**Work to complete**
Everything from the line containing "Chuồng trại gần" through the line containing "Ubicada en el" should be repeated exactly, and nothing else from the data.

--- The data Enclosed Below ---

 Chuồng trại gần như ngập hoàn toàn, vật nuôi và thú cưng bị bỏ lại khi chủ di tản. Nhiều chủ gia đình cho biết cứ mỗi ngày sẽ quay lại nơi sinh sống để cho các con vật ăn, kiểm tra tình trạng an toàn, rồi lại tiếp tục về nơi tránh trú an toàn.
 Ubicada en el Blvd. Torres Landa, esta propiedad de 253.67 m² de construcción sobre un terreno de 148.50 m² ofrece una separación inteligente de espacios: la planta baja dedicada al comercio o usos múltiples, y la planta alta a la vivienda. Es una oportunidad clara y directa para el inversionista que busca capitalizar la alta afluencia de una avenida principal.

--- End of Enclosed The data ---
--- The data Enclosed Below ---

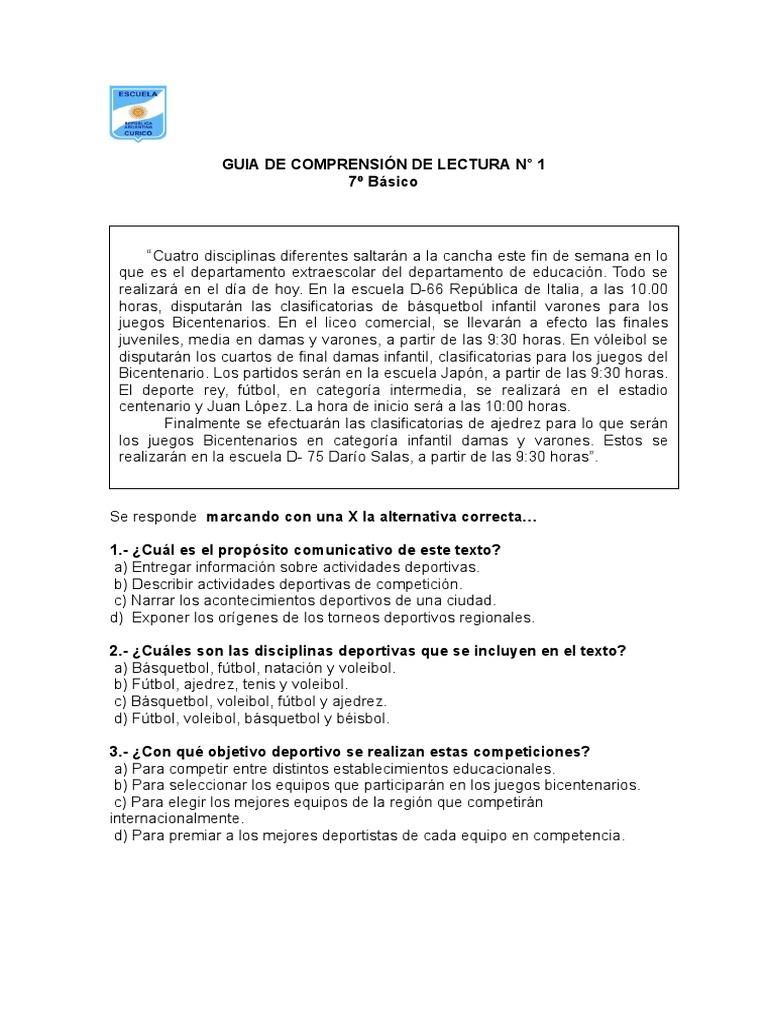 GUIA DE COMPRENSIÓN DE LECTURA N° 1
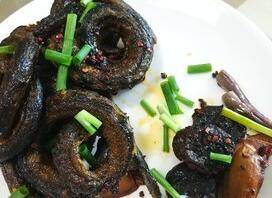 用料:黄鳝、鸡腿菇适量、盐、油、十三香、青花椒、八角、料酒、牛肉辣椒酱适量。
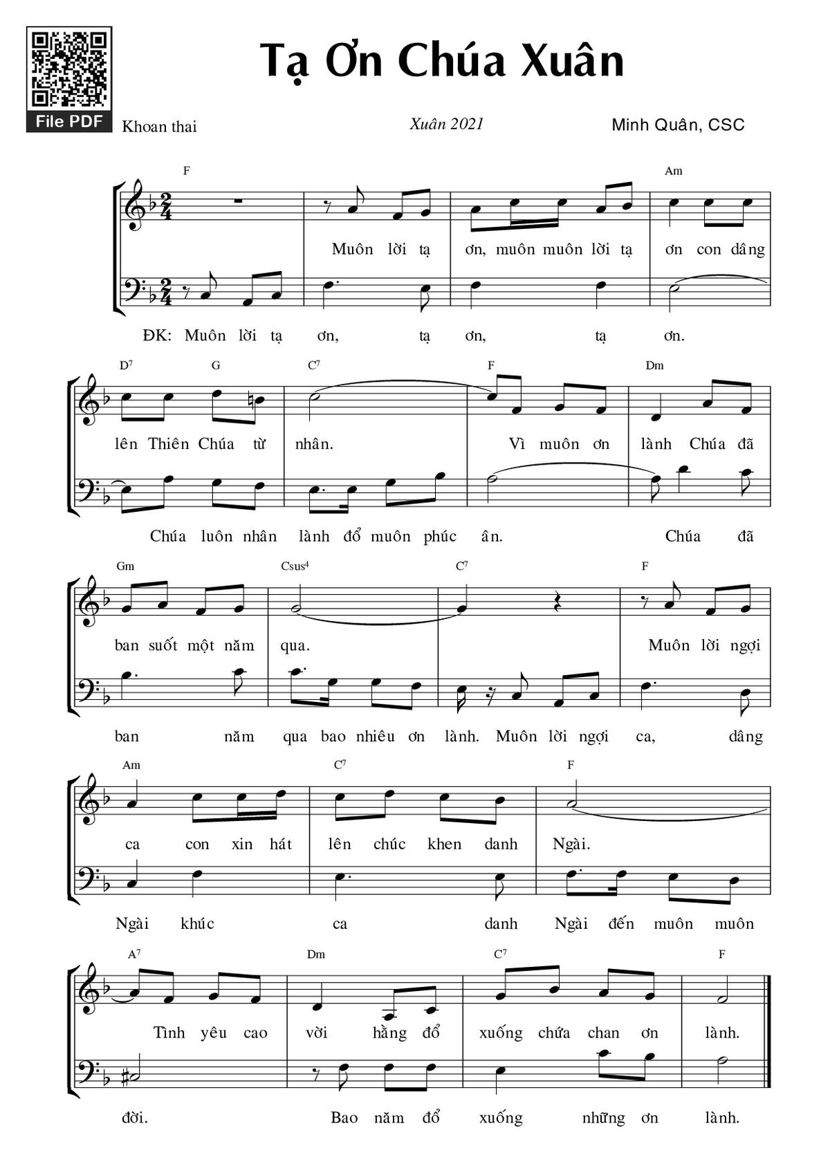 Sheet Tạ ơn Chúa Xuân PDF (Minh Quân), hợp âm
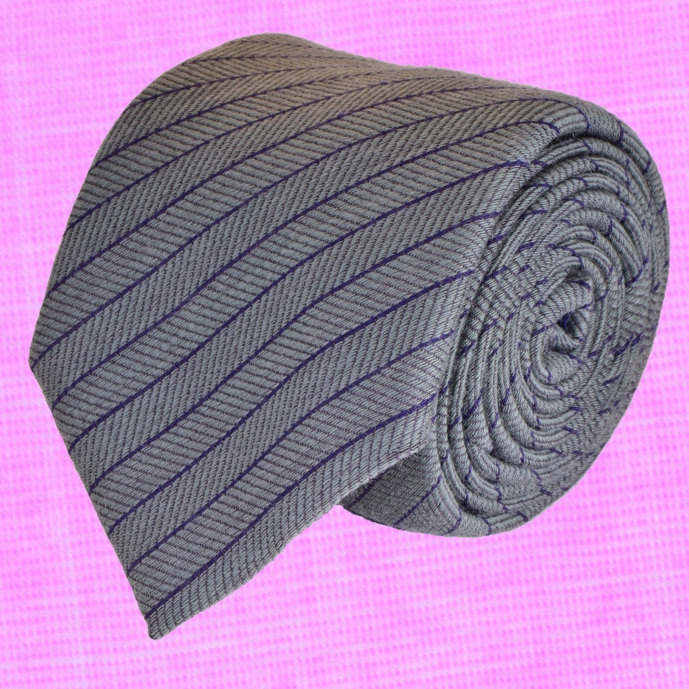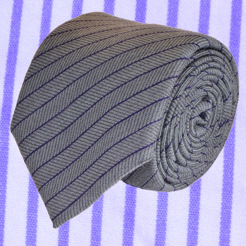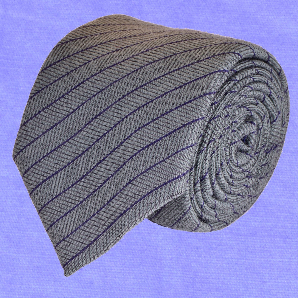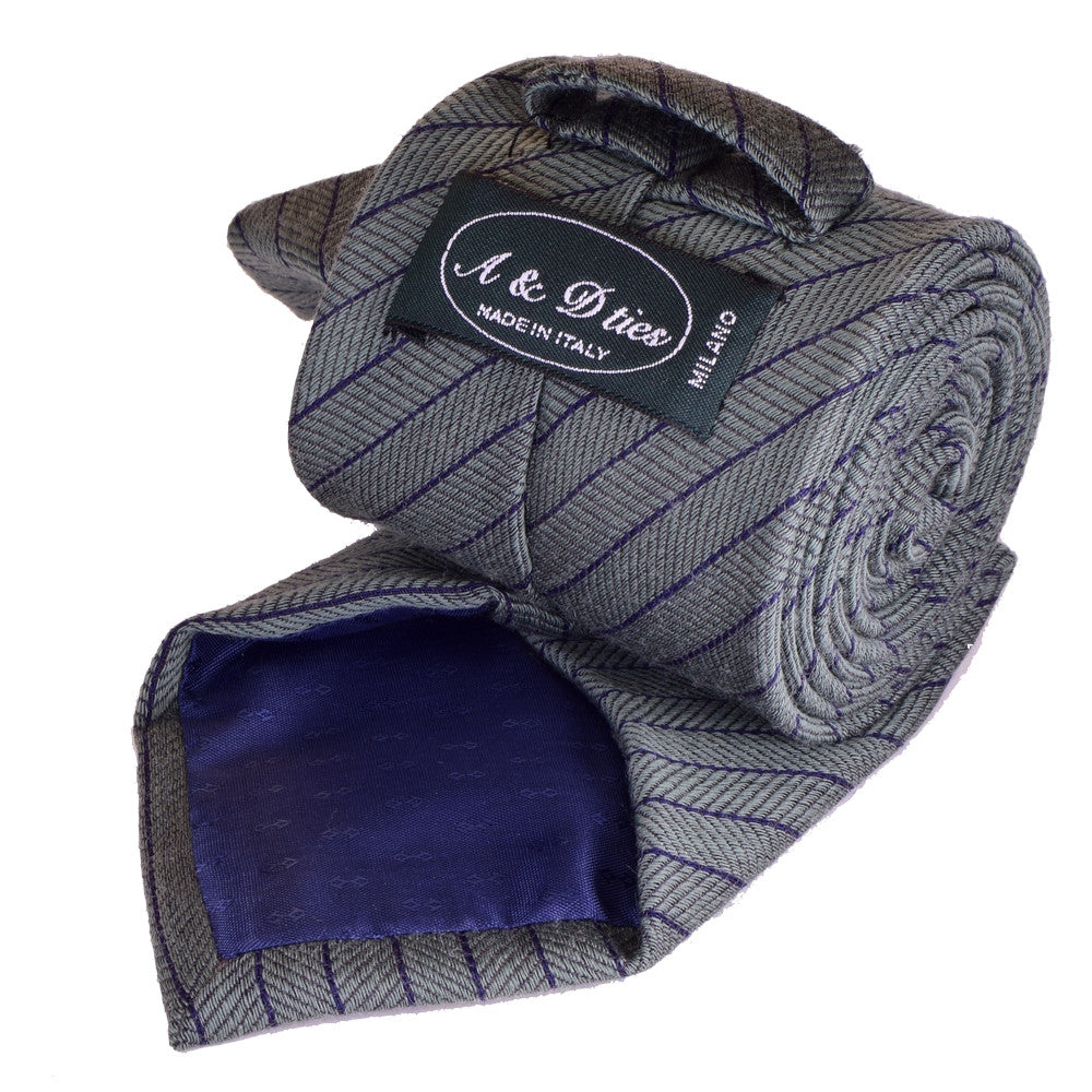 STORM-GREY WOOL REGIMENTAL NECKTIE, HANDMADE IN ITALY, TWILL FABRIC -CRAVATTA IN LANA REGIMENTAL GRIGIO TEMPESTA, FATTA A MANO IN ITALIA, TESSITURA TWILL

--- End of Enclosed The data ---
--- The data Enclosed Below ---

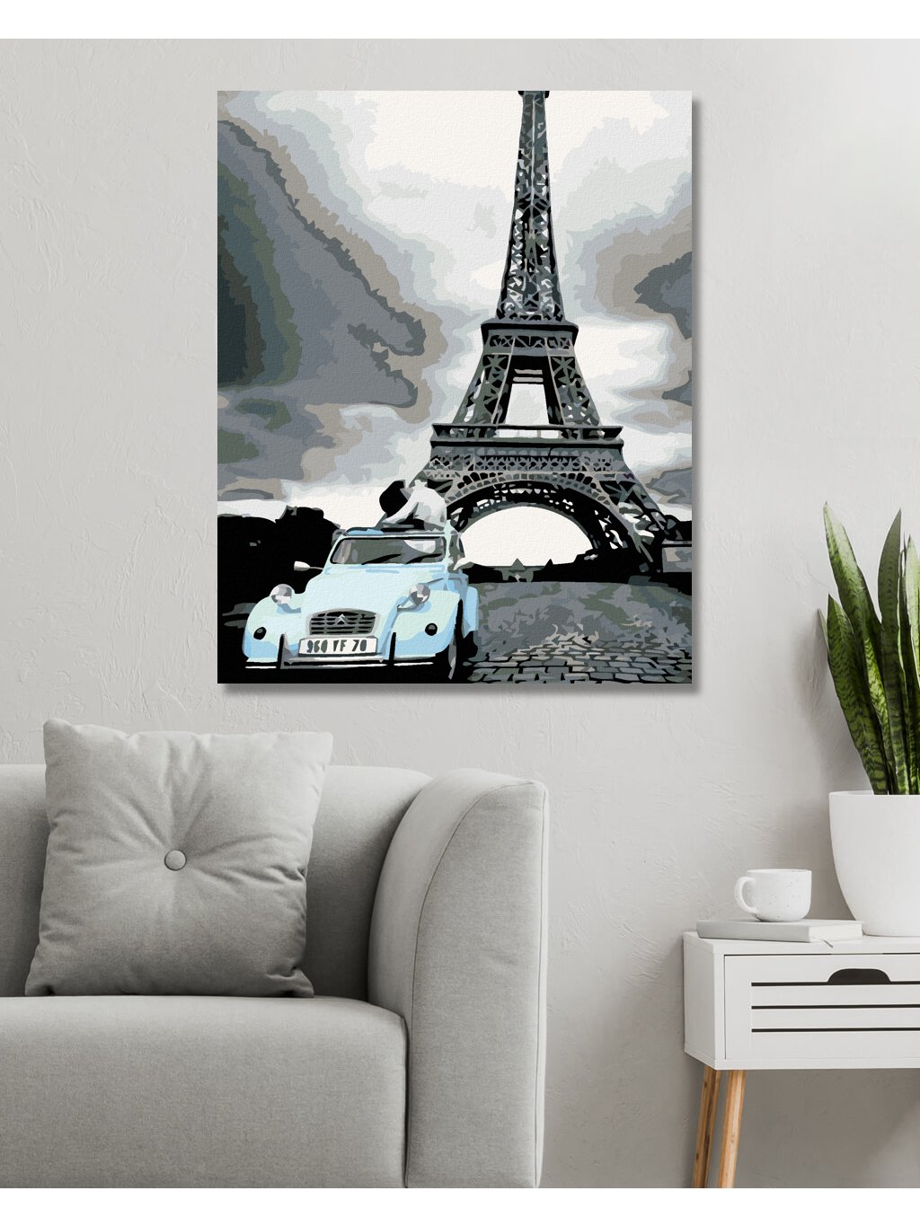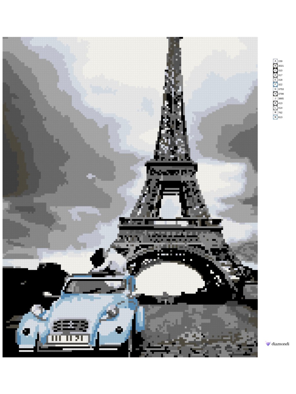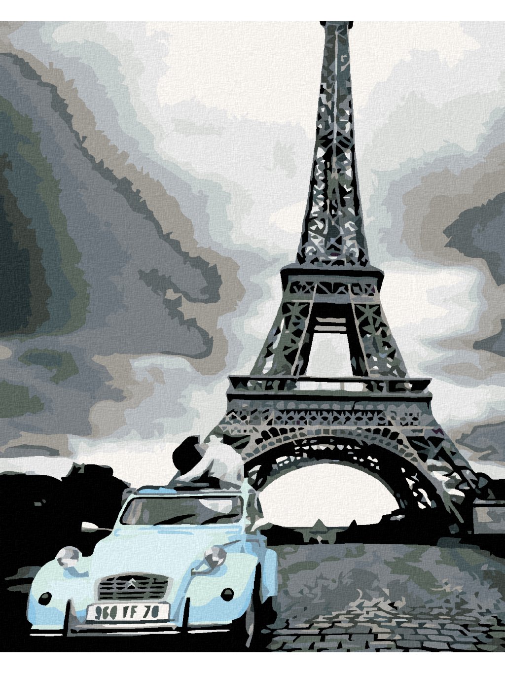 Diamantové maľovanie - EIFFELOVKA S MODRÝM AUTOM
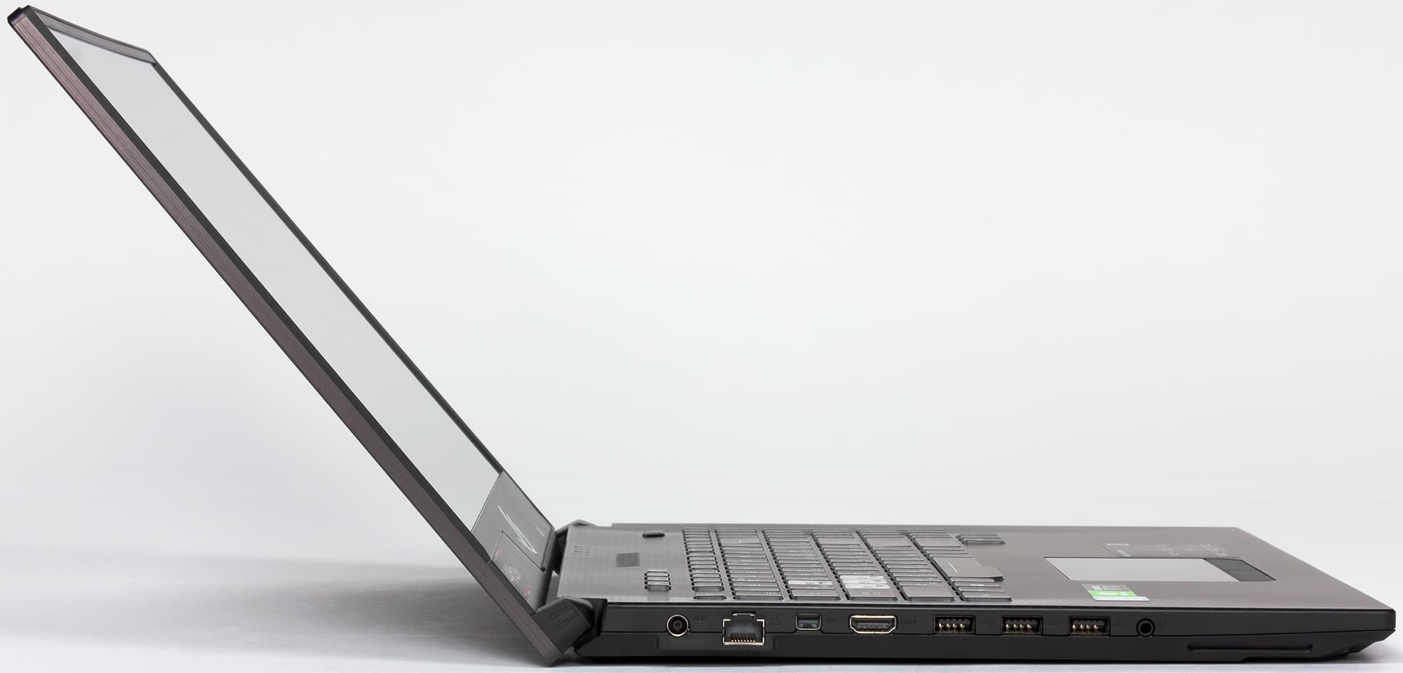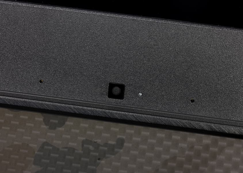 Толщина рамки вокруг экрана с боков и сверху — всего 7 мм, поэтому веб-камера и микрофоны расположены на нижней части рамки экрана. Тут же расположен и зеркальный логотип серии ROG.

--- End of Enclosed The data ---

**Answer area**
 Chuồng trại gần như ngập hoàn toàn, vật nuôi và thú cưng bị bỏ lại khi chủ di tản. Nhiều chủ gia đình cho biết cứ mỗi ngày sẽ quay lại nơi sinh sống để cho các con vật ăn, kiểm tra tình trạng an toàn, rồi lại tiếp tục về nơi tránh trú an toàn.
 Ubicada en el Blvd. Torres Landa, esta propiedad de 253.67 m² de construcción sobre un terreno de 148.50 m² ofrece una separación inteligente de espacios: la planta baja dedicada al comercio o usos múltiples, y la planta alta a la vivienda. Es una oportunidad clara y directa para el inversionista que busca capitalizar la alta afluencia de una avenida principal.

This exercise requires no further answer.